A critical analysis of modification effects on nanostructured TiO2-based photocatalysts for hydrogen production

Abstract Photocatalytic reforming of hydrocarbon is a promising alternative for producing renewable hydrogen. Compared with the conventional thermochemical processes used for hydrogen production, photocatalytic reforming offers the advantages of using the vast abundance of solar energy resources and the affordable, nontoxic photocatalysts for hydrogen production. Besides, the constraints of catalyst deactivations and the high thermal energy required for steam production are avoided in the photocatalytic reforming processes. Titanium dioxide (TiO2), a readily available photocatalyst, has gained wide acceptance as a photocatalytic materials used for hydrogen production because of its excellent physicochemical properties.
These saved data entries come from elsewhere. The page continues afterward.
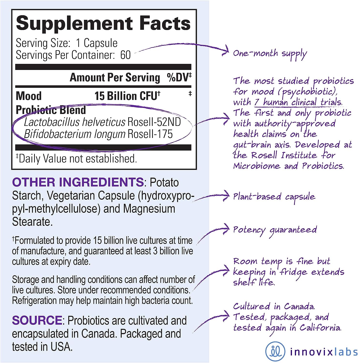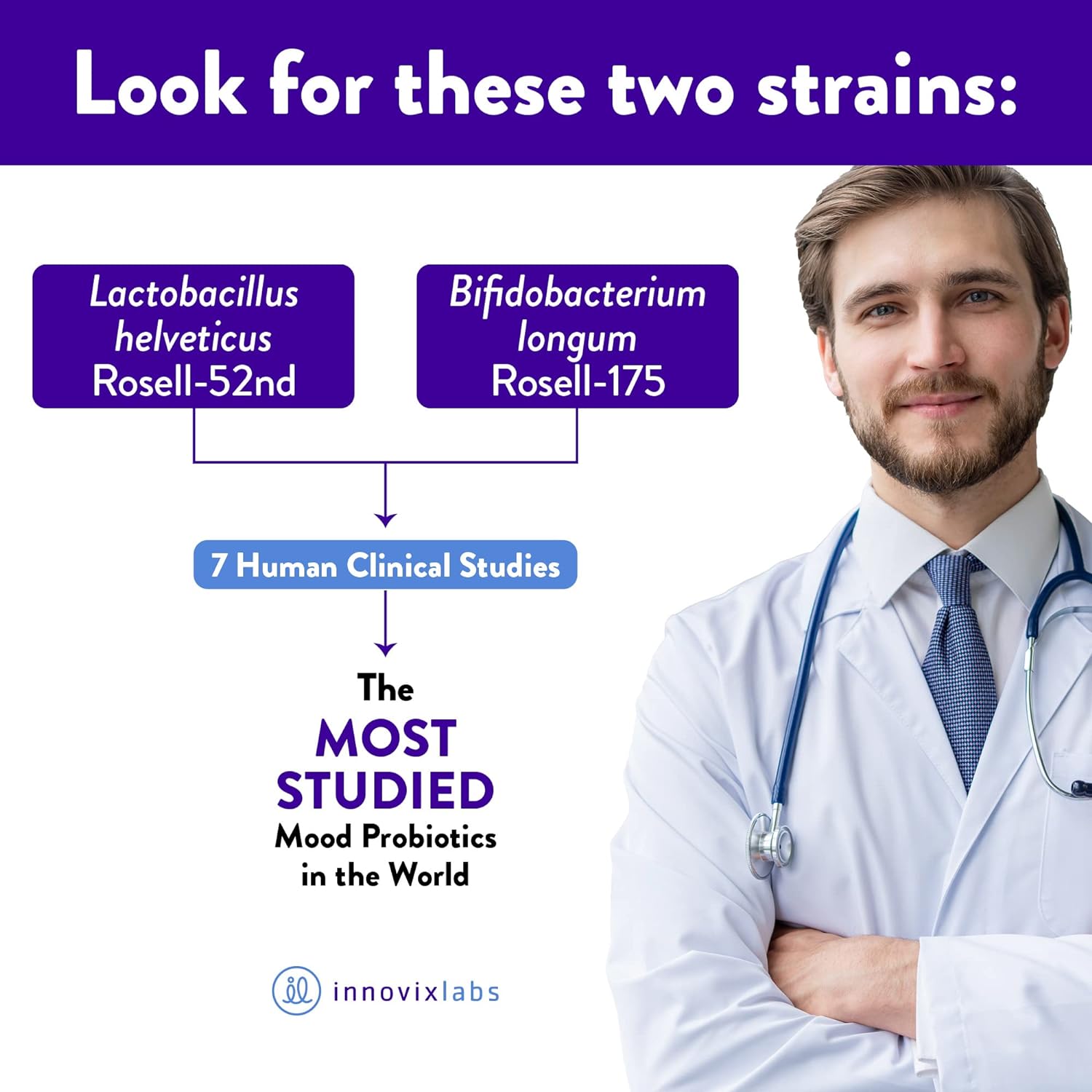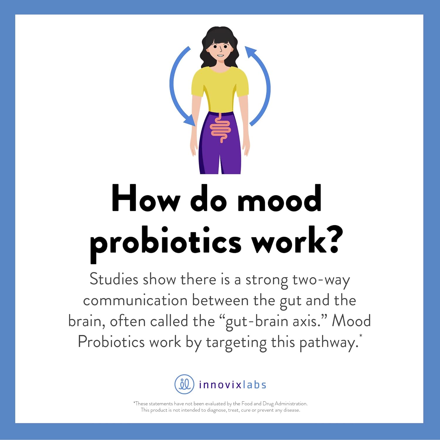 - Mood Probiotics - Leverage the powerful gut-brain connection with InnovixLabs Mood Probiotic. This "psychobiotics" lactobacillus probiotic blend is designed and backed by science to go beyond digestive support, by enhancing emotional wellbeing too.*
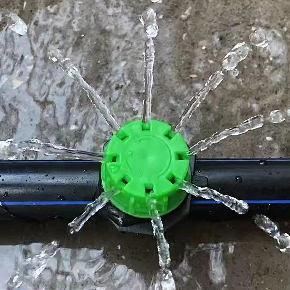 The adjustable 8-hole dripper allows for customizable watering in your garden or greenhouse. It features a simple mechanism to adjust the flow of water, enabling you to sprinkle, drip, or completely shut off the water supply. With a maximum spraying diameter of approximately 1.3 meters, this dripper is versatile for various irrigation needs. It can be easily cleaned if blocked, ensuring reliable performance.
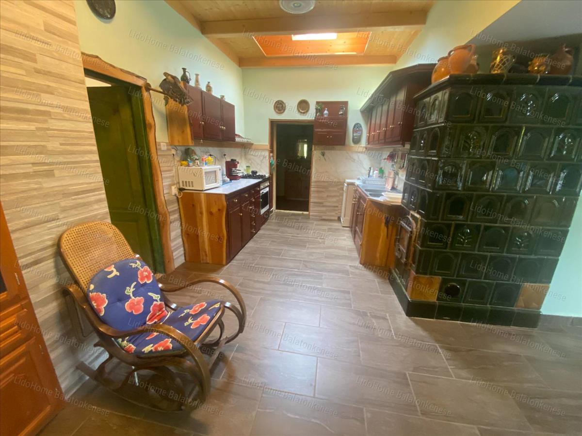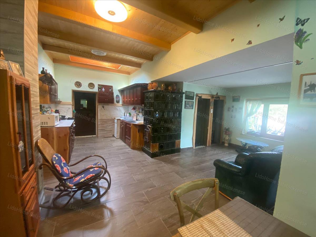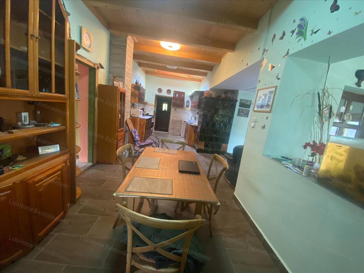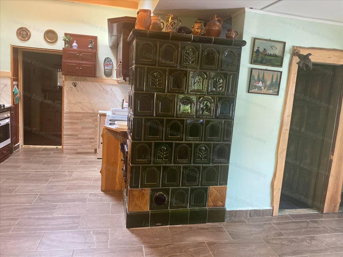Helyiségek: beépített nagy terasz, nappali-étkező-konyha, két méretes szoba, fürdőszoba, külön wc, spájz. a tetőtérben egy hatalmas szoba konyhasarokkal, egy fürdőszoba és egy balatoni panorámás terasz szolgálja a kényelmünket. a fűtést a nappaliban és a két földszinti szobában található cserépkályhák biztosítják.
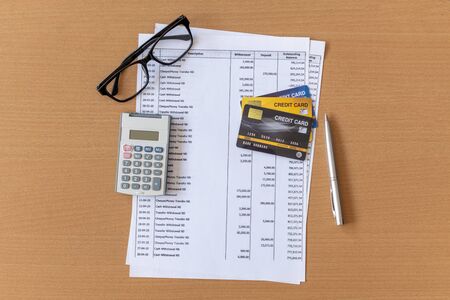 Calculator and Pen on Bank statement and credit card on a Wooden table
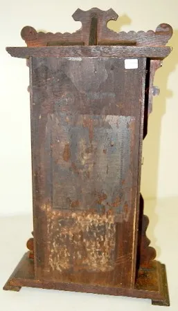 8 day time and strike with alarm; 5" marked paper dial on tin; has pendulum; no key; painted door; not tested for running condition. (Dials crazed wit...
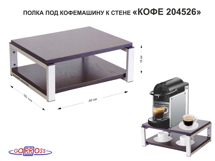 В корзину Купить в 1 клик Полка под кофемашину к стене, высота 17см, серый каркас "КОФЕиЯ 204526" полки 30х40см венге
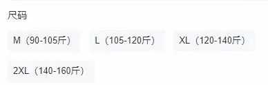 共有M--2XL共4个尺码,每个后面都有对应的体重,上身比较胖的MM可以选择大一码哦~
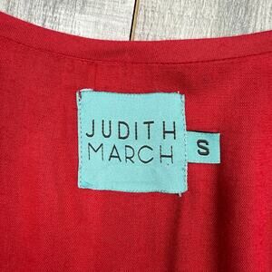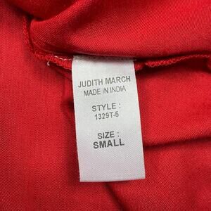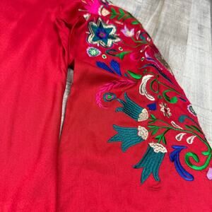 Judith March Shirt Top Small Red Floral Embroidered Sleeve Lightweight V-neck
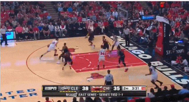 按说詹姆斯和公牛也是老对手了,从决定1之前就交手过,一直打到詹姆斯重回骑士,双方都熟悉。詹姆斯了解巴特勒的强硬。巴特勒防詹姆斯时张开手,如果老詹跳投,巴特勒基本不会扑防,这场球老詹三分7中1,詹姆斯突破时巴特勒始终保持在身前,起三步时给上身体接触,会用手去切球,真被詹姆斯身体碾压就交给身后的内线,诺阿和吉布森极其强硬,能顶住被巴特勒卸力后的詹姆斯。其实詹姆斯打巴特勒也能打,巴特勒毕竟小了一号,老詹用背身打效率更高,詹姆斯本身速度不慢,突破依赖冲击,背转身那一下能直接甩开巴特勒挑战公牛内线,但是这场球詹姆斯这么打的次数很少。
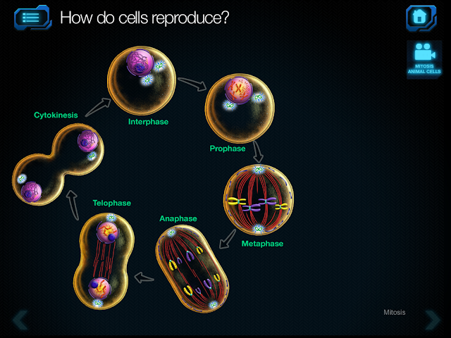 When you first tap open Cell and Cell Structure, you’ll find 3 options on the main page — All About Cells, Videos, and Interactive Activities. When you tap on “All About Cells” the smaller screen opens to give your students options for what to learn about the cell.
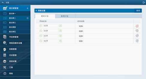 針對應(yīng)用場景和特殊場景,可以進行不同的預(yù)案,設(shè)定不同主題的屏幕內(nèi)容和屏幕切換顯示的時間。

The modification of the TiO2 nanostructure with various dopants or cocatalysts has been proven to improve its properties and enhance the rate of hydrogen production. This chapter presents the analysis of selected literature on the modification effect on nanostructure TiO2-based photocatalysts used for hydrogen production. Noble metals such as platinum (Pt) and ruthenium (Ru) were found to significantly enhance the photocatalytic activity of TiO2 nanostructure. Besides, nonnoble metals such as Ni and Cu used as dopants or cocatalysts were also found to influence the properties of TiO2 during photocatalytic hydrogen production. The mechanisms of the photocatalytic hydrogen production are strongly dependent on the nature of the photocatalysts as well as the sacrificing agent used.